# Shooting through a window



## astroNikon (Mar 30, 2017)

About a month or two ago someone tried to take some photographs through their truck window of a landscape image (pond, birds) and wondered why the camera couldn't focus and the image was fuzzy.

While taking some baseball photos I walked past a Window and decided to try to shoot through the window just for fun.  The Nikon D500 has an awful problem trying to focus.  So I manually focused and got a better shot than the camera's AF would have done.  But still, you can tell the difference in detail/IQ between which one was and wasn't shot through a window.

Of course I knew looking through the window with my own eyes that there was a difference.  Thus when people ask about their filters I mention to put it up against a book/newspaper and compare the image before and after.  

These example will show you the loss in IQ.  Keep in mind I *had* to manually focus the shot through the window for the best image vs the camera's which was a lot more OOF.

SOOC - D600 JPEG set to Vivid.


----------



## jcdeboever (Mar 30, 2017)

Yup. But there is that warm safe feeling of a being a goldfish.... immmmmm such a beautiful day in the neighbor hood.....


----------



## vintagesnaps (Mar 30, 2017)

Tell me about it... try shooting hockey thru gunked up glass that has had sweat, spit, and other assorted goo splattered on it and hasn't been cleaned in years... lol Manual focus, absolutely, or probably the camera would try to focus on the stick marks on the glass. 

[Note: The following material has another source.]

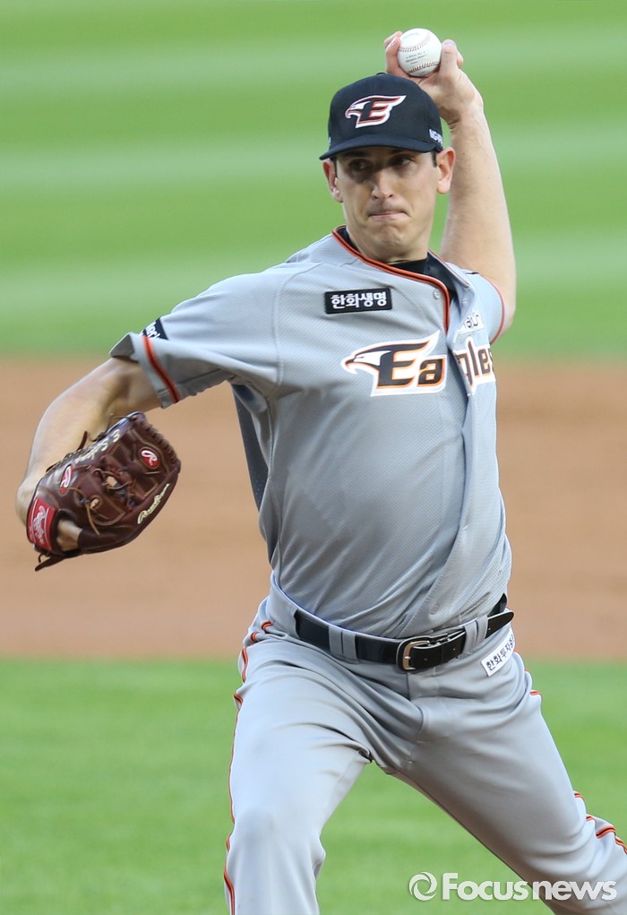 (서울=포커스뉴스) 14일 서울 잠실구장에서 열린 2016 프로야구 한화-LG 경기에서 1회말 한화 선발투수 서캠프가 투구하고 있다.

But I have actually gotten some nice shots thru the car window, if _____. (Fill in a number of conditions and hope the stars align and the photography gods are smiling and that kind of thing. Or maybe it's just dumb luck.)


----------



## DanOstergren (Mar 30, 2017)

Sometimes you can get really beautiful results with portraits when shooting through a window, but I can see it being an issue for event and sports photography.


----------



## pixmedic (Mar 30, 2017)

^^^this is why you dont put cheap filters in front of  your good lenses.


----------



## Derrel (Mar 30, 2017)

Shooting through glkass at close range is one of the situations where it;'s good to use the focus limiter switch, if the lens offers that feature. "Lock OUT" the close ranges, and leave the limiter set to the Infinity to 5 meter range, and it will often help when shooting through chain link fencing or glass. Limiters are found mostly on high-end tele zooms and high-dollar primes.


----------



## Scoody (Mar 31, 2017)

DanOstergren said:


> Sometimes you can get really beautiful results with portraits when shooting through a window, but I can see it being an issue for event and sports photography.

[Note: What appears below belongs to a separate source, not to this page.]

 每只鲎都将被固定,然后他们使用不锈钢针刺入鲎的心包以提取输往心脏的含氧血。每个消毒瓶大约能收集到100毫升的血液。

This is a shot I took a couple of years ago.  I had met with some clients in a conference room of a local Holiday Suites Hotel and liked the look of the doors.  When this young lady and her family left the church after her mass and were on the way to the event hall I asked them to stop there on the way for a couple of quick shots.  Just my camera, 50mm lens and my assistant holding a remote triggered speedlight.


----------



## goooner (Mar 31, 2017)

I find the dehaze function in LR works pretty well to get rid of reflections/glare. Of course not as good as shooting through air...


----------



## astroNikon (Mar 31, 2017)

DanOstergren said:


> Sometimes you can get really beautiful results with portraits when shooting through a window, but I can see it being an issue for event and sports photography.


windex for glass preparation helps a lot too.


----------